前回作文に沢山の拍手ありがとうございます(^-^)/
連載6話です。
続きからどうぞ。

6
朝早くジョーは出掛けてしまった。
ここ数日会話どころか顔すら合わせていないような気がする。
キッチンには、昨日ジョーに作ったサンドイッチの皿が洗われて置かれてあった。
未来に振り回されている私達。
…ジョーの子供。
頑固で泣き虫なのかしら…。
顔が綻んだのが自分でもわかった。
ピュンマ達にコーヒーでも入れようかと思った時、玄関から物凄い勢いでジョーが帰ってきた。
後ろから博士が「ジョー、落ち着け!!」と叫んでいる。
どうしたの?
「フランソワーズ!!こっち来い!!」
急に腕を掴まれた。
「痛い!!どうしたのよ!!」
数日間ろくに口も聞いてくれないかと思ったら今度は何?!!
目が怒っている。
それも今まで見たことのないような…。
怖い…。
ジョーは誰の制止も聞かずに、フランソワーズの腕を引っ張り、フランソワーズの部屋に入る。

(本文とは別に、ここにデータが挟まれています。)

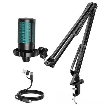 RGB USB Gaming Microphone Kit with Mute Button and Adjustable Boom Arm
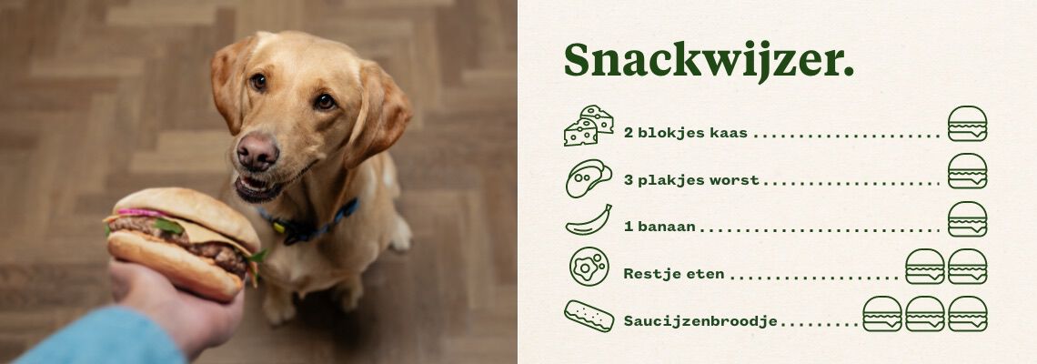 Een 'mensensnack' is in verhouding slechter voor een hond, dan voor een mens. Zo zijn twee blokjes kaas voor je hond als een hamburger voor ons. Onze snackwijzer zet wat voedingsmiddelen op een rijtje.
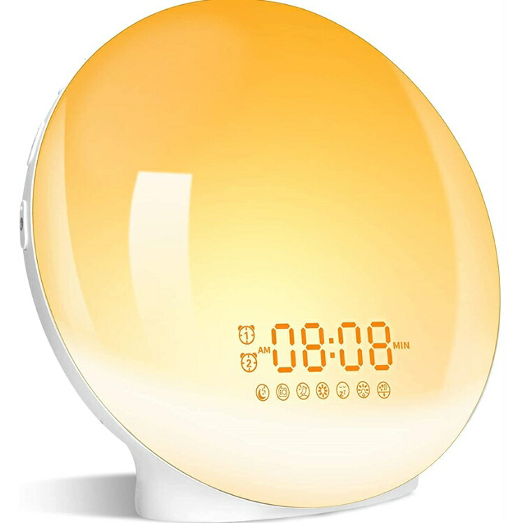 目覚まし時計 置き時計 体内時計 めざまし時計 大音量 光 置き型 アラーム スヌーズ機能 ラジオ機能 日出&日没再現 20段階調光 7色ライト 7種の自然音 室内 間接照明 子供
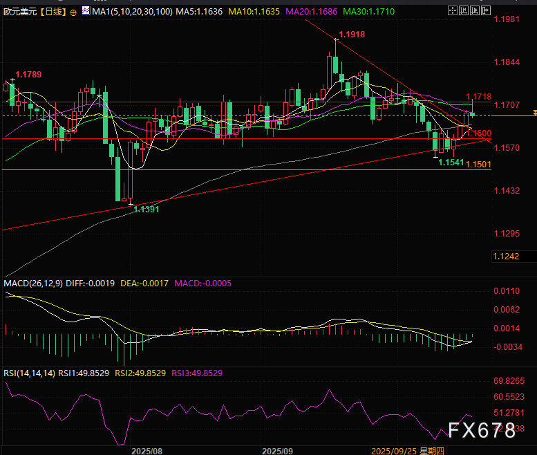 周五亚欧时段,欧元兑美元在美股开盘前回吐日内涨幅,目前交投于1.1677附近,日内早些时候曾触及1.1727高点。尽管如此,该货币对兑由于美元的走软仍有望实现0.6%的周度涨幅。 ![]() 周五公布的欧元区数据显示,9月消费者物价环比上涨0.1%,与8月持平;同比通胀增速从上月的2%升至2.2%。值得注意的是,核心调和消费者物价指数(HICP)同比涨幅从先前预估的2.3%上修至2.4%,为今年4月以来的最高水平。 上述数据印证了欧洲央行(ECB)官员文施与科赫尔周四的表态——两人均指出,欧洲央行或已处于降息周期尾声,或已非常接近这一节点。 周四,欧洲央行行长皮埃尔·文施表示,进一步降息的可能性正逐步下降;而欧洲央行行长马丁·科赫尔则确认,央行“已处于降息周期尾声,或已非常接近尾声”。 贸易局势、美联储降息信号压制美元走势 受中美贸易局势持续发酵、美联储未来数月可能多次降息的信号不断增多,以及政府拨款谈判毫无进展(意味着美国政府停摆或将持续较长时间)等因素叠加影响,虽然周五晚上特朗普在社交平台上关于贸易的发言短期提振了美元但美元料依然将创下数月来最差单周表现。 本周早些时候,美联储《褐皮书》进一步对美元构成压力,报告明确警示美国经济正面临放缓风险:消费者支出开始显现疲软迹象,劳动力市场呈现停滞态势,企业则对经济前景的不确定性及关税上调的影响表达担忧。 法国政局缓和短期支撑欧元 过去几个交易日,欧元呈现小幅走高态势,原因是投资者对法国近期政治不确定性的消除松了一口气。勒科尔尼在意外辞职后重新被任命为总理,同时总理塞巴斯蒂安·勒科尔尼周四顶住两次不信任投票,这一结果缓解了市场对法国政治前景不确定性的担忧,也为欧元提供了额外支撑。 同时受美联储进一步降息预期的显著压制,美元上涨空间有限。美联储理事克里斯托弗·沃勒周四明确表示,支持10月再实施一次降息;而特朗普近期提名的美联储理事会成员斯蒂芬·米兰则重申,有必要采取更激进的降息操作。 他在2026年预算案上做出的让步获得了社会党人的积极回应,这也使得政府的预算法案有望顺利完成立法程序。不过,重大挑战依然存在,尤其是延迟提高退休年龄的问题——法国当前退休年龄定为62岁,且至少要到2028年1月才会调整(目前为欧盟成员国中并列最低水平),他仍需在年底前推动紧缩预算案在分歧严重的议会中获得通过,这仍是一项艰巨挑战。 这一情况对欧元区而言并非长期利好信号,因为在政府分歧严重的背景下,当局若无法通过此类关键养老金改革,将导致纳税人承担更重负担,以支撑日益失衡的人口结构(老年人口占比过高)。 这不仅可能推升债务的风险溢价,还将限制政府通过扩大财政支出支撑经济增长的政策空间。 技术分析: 之前讲过1.1600是多空分界线,欧元兑美元守住1.1600后直接继续上涨突破了下降压力线。 目前受20、30日均线压制,短期重拾了上涨形态,支撑在1.1600和下降压力线上。 压力在1.1720附近的前期成交密集区。 ![]() 北京时间21:09,欧元兑美元现报1.1675/74。

ジョーがフランソワーズの腕を離すと、反動でベッドに叩きつけられた。
「痛い…何するのよ!!」
「子供が出来ないように薬を飲んでるって本当なのか?」
え…?
今、何を…?
「本当なのかって聞いてるんだ!!」
怒鳴られた。
「…ホントよ。」
ジョーが急に肩を落とす。
「何故!?」
「だって…急に戦いになったりしたらどうするの?女の体は男と違うのよ」
「それが自然な事なのか?キミがよく言う『人間らしさ』じゃないじゃないか…何故だ?何故…」
ジョーが苦しそうに言う。
「一人で…抱え込むんだ…」
だって…。
「これは私自身の問題だわ、あなたとこうなる前から飲んでいたわ。だから今更言われても…」
淡々と話すフランソワーズに、ジョーの怒りは収まらなかった。
「じゃあ僕は関係ないというのか?」
「そこまで話すことではないと思っていたわ。」
生き抜く為には女の部分は要らなかったから…。
「改造された私に、ちゃんとした子供が出来るかもわからなかったから…実験はされなかったけれど…」
「…今、何て言った?」
ジョーが静かに唸るように聞いてきた。
「え?」
聞き取れなかった。
「知っていたのか…」
耐えられなくなったジョーは、家を飛び出した。